Aggressive disease defined by cytogenetics is associated with cytokine dysregulation in CLL/SLL patients.

机构信息

Division of Hematology/Oncology/Cell Therapy, Rush University Medical Center, 1725 W. Harrison St., Chicago, IL 60612, USA.

出版信息

J Leukoc Biol. 2013 Jan;93(1):161-70. doi: 10.1189/jlb.0612301. Epub 2012 Nov 7.

DOI:10.1189/jlb.0612301
PMID:23136257
原文链接:https://pmc.ncbi.nlm.nih.gov/articles/PMC3525834/
Abstract

Early treatment of CLL/SLL does not impact survival-reflecting limitations in detecting progression early and identifying asymptomatic patients likely to benefit from early treatment. Improved understanding of CLL/SLL biology would identify better prognostic/predictive markers. This study attempts to address these issues by determining the relationship between cytokine aberrations and poor clinical outcomes in CLL/SLL in the context of a genetic-based prognostic model. Fifty-nine serum cytokines/chemokines were measured in 28 untreated CLL/SLL patients. Patients were stratified as GR or int/PR using cytogenetics. Comparison of CLL/SLL with 28 HCs revealed increased expression of Th2 cytokines (IL-10, IL-5, sIL-2Rα; P≤0.01) and decreased levels of Th1 cytokines (IL-17, IL-23, IFN-γ; P≤0.003). In a multivariate analysis of GR versus int/PR groups, differential expression of sIL-2Rα maintained significance with increased expression in int/PR CLL/SLL. With median follow-up of 54.3 months after diagnosis, four patients incurred disease progression, with an IL-17/sIL-2Rα model predicting need for treatment in all cases. In summary, specific cytokine signatures are associated with genetically defined aggressive disease and predict need for therapy.
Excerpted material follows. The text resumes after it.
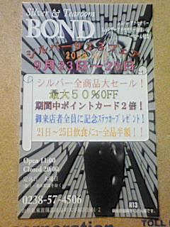 毎度です。今年もこの季節がやってきました!「925フェアVOL2」9月25日にかけて当店BONDではお客様感謝セールを今年も開催しますぅ〜!期間は9月23日から25日まで!し・しかし20日から25日まではなんと、飲食メニュー全品半額でやっちゃいます(^^)今回もいろいろな特典を準備して皆様のお越しを心からお待ちしております。どうか神様、晴れてくれぇ〜!!

This suggests utility in detecting disease progression early, identifying those likely to incur a survival advantage with early treatment, and directing future therapy.

摘要

早期治疗 CLL/SLL 并不影响生存——这反映了早期检测进展和识别可能从早期治疗中获益的无症状患者的局限性。对 CLL/SLL 生物学的深入了解将确定更好的预后/预测标志物。本研究试图通过确定细胞因子异常与遗传预后模型背景下 CLL/SLL 不良临床结局之间的关系来解决这些问题。在 28 例未经治疗的 CLL/SLL 患者中测量了 59 种血清细胞因子/趋化因子。根据细胞遗传学将患者分层为 GR 或 int/PR。与 28 例 HC 相比,CLL/SLL 显示出 Th2 细胞因子(IL-10、IL-5、sIL-2Rα;P≤0.01)表达增加和 Th1 细胞因子(IL-17、IL-23、IFN-γ;P≤0.003)水平降低。在 GR 与 int/PR 组的多变量分析中,sIL-2Rα 的差异表达与 int/PR CLL/SLL 中的表达增加保持显著相关。在诊断后中位随访 54.3 个月时,4 例患者发生疾病进展,IL-17/sIL-2Rα 模型预测所有病例均需要治疗。总之,特定的细胞因子特征与遗传上定义的侵袭性疾病相关,并预测需要治疗。这表明它可用于早期检测疾病进展,识别可能从早期治疗中获得生存优势的患者,并指导未来的治疗。